Crucé apresuradamente una calle estrecha y entré en un barrio residencial de pintorescas casitas españolas. En una callejuela sin farolas, las ventanas de la parte trasera de las casas estaban iluminadas, y tras ellas había habitaciones en las que vidas extrañas, llenas de infinitas posibilidades y dichosa mediocridad, eran vividas a mis espaldas y casi más allá de mi comprensión.

Con frecuencia me siento ingrávido en la noche, y esta era una de aquellas ocasiones. Corrí tan silencioso como un ave nocturna deslizándose en las sombras.

El mundo de la oscuridad me había acogido y formado durante veintiocho años, siempre había sido para mí un lugar cómodo y pacífico. Pero ahora, por primera vez en mi vida, me atormentaba la sensación de que me seguía un predador a través de la oscuridad.

Resistí el impulso de mirar por encima del hombro, aceleré el paso eché a correr a gran velocidad por las estrechas y oscuras callejuelas de Moonlight Bay.

II LA NOCHE

5

He visto fotografías de pimenteros de California a la luz del día. Cuando los retratan en todo su esplendor, son unos árboles delicados, gráciles, un sueño verde.

Por la noche, el pimentero adquiere un carácter diferente del que posee a la luz del día. Es como si le colgara la cabeza y sus largas ramas se inclinaran hasta ocultar un rostro que expresa tormento y dolor.

Estos árboles flanqueaban la larga avenida de la funeraria de Sandy Kirk, que ocupaba una loma de hectárea y media en el límite nordeste de la ciudad, junto a la Autopista 1, a la que se accedía por un paso superior. Parecían hileras de deudos esperando presentar sus respetos al difunto.

Cuando ascendí por el sendero privado, en el que unas luces de jardín bajas, en forma de seta, derramaban anillos de luz, los árboles se agitaron con la brisa. La fricción del viento con las hojas provocó murmullos que parecían lamentos.

No había ningún coche aparcado en el acceso al depósito, lo que significaba que no había visitantes.

Siempre me desplazo por Moonlight Bay a pie o en bicicleta. Hubiera sido absurdo aprender a conducir un coche. No hubiera podido utilizarlo durante el día y por la noche hubiera tenido que ponerme gafas de sol para protegerme de la potencia de los focos que vienen de frente. Los polis suelen recelar de quien conduce de noche con gafas de sol. No importa lo sereno que parezcas.

Había luna llena.

Me gusta la luna. Ilumina sin abrasar. Da brillo a lo que es hermoso y oculta aquello que no lo es.
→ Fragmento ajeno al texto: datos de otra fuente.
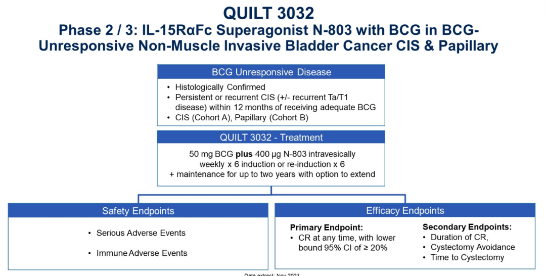 IL-15RαFc超激动剂N-803联合卡介苗治疗卡介苗无反应性CIS和乳头状非肌层浸润性膀胱癌(NMIBC)关键试验的最终临床结果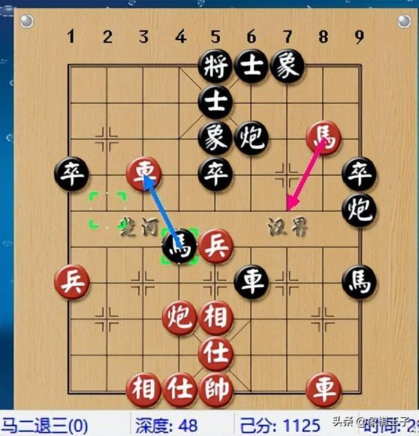紅方回馬再奔馬臥槽,黑同以撲馬臥襲,是下紅平炮擋住,黑方飛馬進來,踩踏紅棋二路車。

En la amplia cima de la colina, el camino de asfalto giraba sobre sí mismo para formar un espacioso recodo con un pequeño círculo de hierba en el centro. En el círculo, una reproducción en cemento de la Pietá de Miguel Ángel.
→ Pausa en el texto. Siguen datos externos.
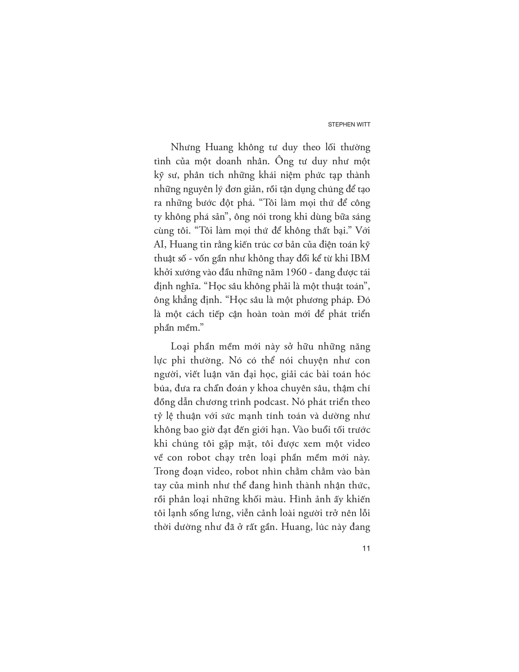 Yếu tố cốt lõi trong sự thành công rực rỡ của NVIDIA chính là CEO Jensen Huang. Hơn một thập kỷ trước, chỉ dựa trên một vài kết quả khoa học hứa hẹn, ông đã đặt cược toàn bộ công ty của m.ình vào AI. Với việc thực hiện hàng loạt cuộc phỏng vấn với Huang, bạn bè, các nhà đầu tư và nhân viên của ông, Stephen Witt đã ghi lại hành trình vươn lên của công ty này cùng với vị lãnh đạo kiên định và quyết liệt, người giờ đây là một trong những nhân vật có ảnh hưởng nhất Thung lũng Silicon.

El reflejo de la luz de la luna iluminaba el cuerpo del Cristo muerto, apoyado en el regazo de su madre. La Virgen también brillaba tenuemente. Bajo los rayos del sol la tosca replica sería de una vulgaridad indecible.

Sin embargo, cuando se enfrentaban a una perdida dolorosa, la mayoría de los parientes del difunto encontraban consuelo en la seguridad de la existencia de un sentido y designio universales, aunque su representación fuera tan burda. Una de las cosas que me gusta del ser humano es su capacidad de elevarse tan alto ante la más leve insinuación de esperanza.